Странное дело: я волновался и чувствовал неловкость, как будто держал в себе какую-то невысказанную вину перед ним. Да так, наверное, и было. Ведь в том, что случилось между ним и матерью, весь этот ломающий строй привычной жизни разлад… во многом тут была именно моя вина. Теперь я знал об этом. То есть, в определённом смысле, рознь в наш дом пришла – через меня.

Оказывается, вскоре отцу предстояло лечь в больницу. Диагноз – нехорош; даст ли операция ожидаемый результат, врачи определённо сказать не могут. Он должен предупредить. Он предупреждает. В его квартире на подоконнике живёт сансевиерия, которая недавно зацвела душистым цветом. Отец одинок – кроме этого зелёного создания, у него никого нет. Ни одной живой души. Пока он в больнице, цветок кто-то должен поливать. Растение неприхотливое, особого ухода не требует.

– Хочу оставить тебе ключи от квартиры, – сказал отец. – Тем более… Чтобы ты знал: завещана она тебе. Квартира. И машина тоже. Ну, и цветок в прицепе. – Шутка получилась искусственной, мы оба это понимали. – Завещание – в письменном столе, в левом ящике.
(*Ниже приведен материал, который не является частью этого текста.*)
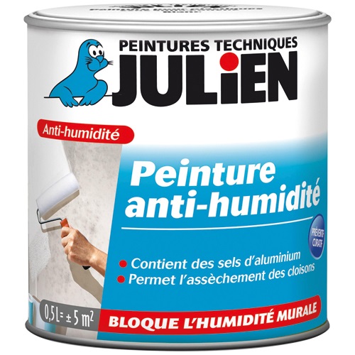 La peinture anti-humidité pour murs intérieurs blanc de 0,5 L de la marque JULIEN est spécialement conçue pour un usage en intérieur. Cette peinture anti-humidité ultra-résistante prévient et isole de l'humidité murale. Le salpêtre, les moississures, les auréoles de paiers peints, l'effritement de la peinture sont empêchés grâce à sa formule riche en sels d'aluminium et bactéricides. Cette peinture agit comme une barrière contre l'humidité et s'applique sur plusieurs types de supports même légèrement humides : ciment, brique, béton, plâtre, etc. Elle assèche progressivement les supports humides. Conseils d'utilisation : S'assurer que la surface à traiter est saine et propre. Brosser et dépoussiérer les supports neufs. Nettoyer et décaper si nécessaire les supports anciens. Éliminer toutes traces éventuelles de salpêtre ou de moisissures à la ponçeuse puis rincer le support à l'eau de Javel. Ne pas diluer la peinture. Appliquer généreusement la peinture à l'aide d'une brosse ou d'un rouleau. Appliquer idéalement 2 couches. Ne pas laisser à la portée des enfants. Rendement : 0.5 L = environ 5 m². Application : brosse ou rouleau. Temps de séchage : sec au toucher après 12 h. Temps de séchage entre 2 couches : 24 h. Temps de séchage avant pose de papier peint : 48 h.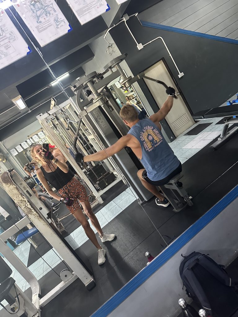 In Khao Lak gibt es genau ein Gym. Und das ist super klein, super alt, ranzig, dreckig… und teuer 😂 Aber wie sagt man so schön? No pain, no gain! Und so haben wir uns für 900 Baht zu zweit eine Wochenkarte gekauft und waren jeden Morgen trainieren! Am Ende geht es immer wunderbar und alles was hart ist, macht uns nur stärker. Außerdem lieben wir dieses Gym-geteste ja total 🤭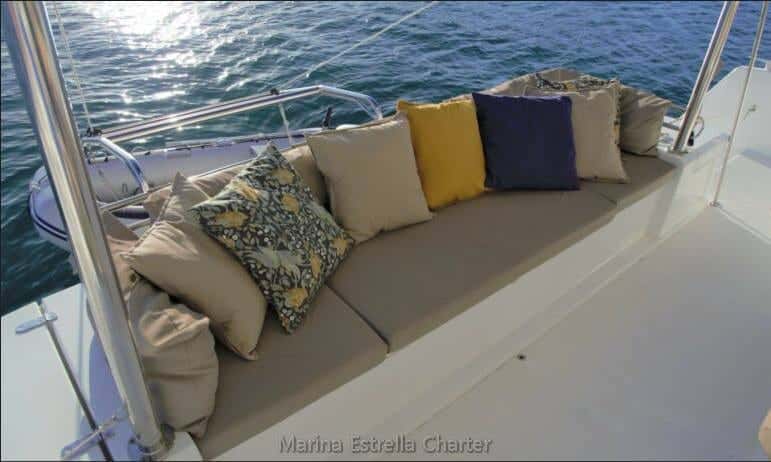 Il Bali 4.5 è stato concepito per chi desidera vivere il mare con intensità, senza rinunciare al comfort. Quattro cabine doppie e due singole, insieme a quattro bagni, permettono di condividere la traversata con amici o familiari —fino a 12 persone— in assoluta comodità, sia di giorno che di notte. Ogni angolo è pensato per il relax: dal flybridge panoramico, ideale per farsi accarezzare dalla brezza, fino alla prua con divani e solarium, dove il tempo sembra fermarsi sotto il cielo balearico.

Приезжай завтра, всё покажу. – Отец назвал адрес.

– Приеду, папа.

Грудь мою сначала что-то сдавило, а потом охватило холодом. К горлу поднялся ком.

Но это было не всё. Отец хотел невозможного. Он хотел мира с матерью. Он хотел, чтобы я как-то помог ему одолеть гору ледяной обиды, воздвигнутую ею, помог наладить этот несбыточный мир. Он просил меня поговорить с ней, пока он будет в больнице. Может, если всё обойдётся, то после операции, когда его выпишут, они снова…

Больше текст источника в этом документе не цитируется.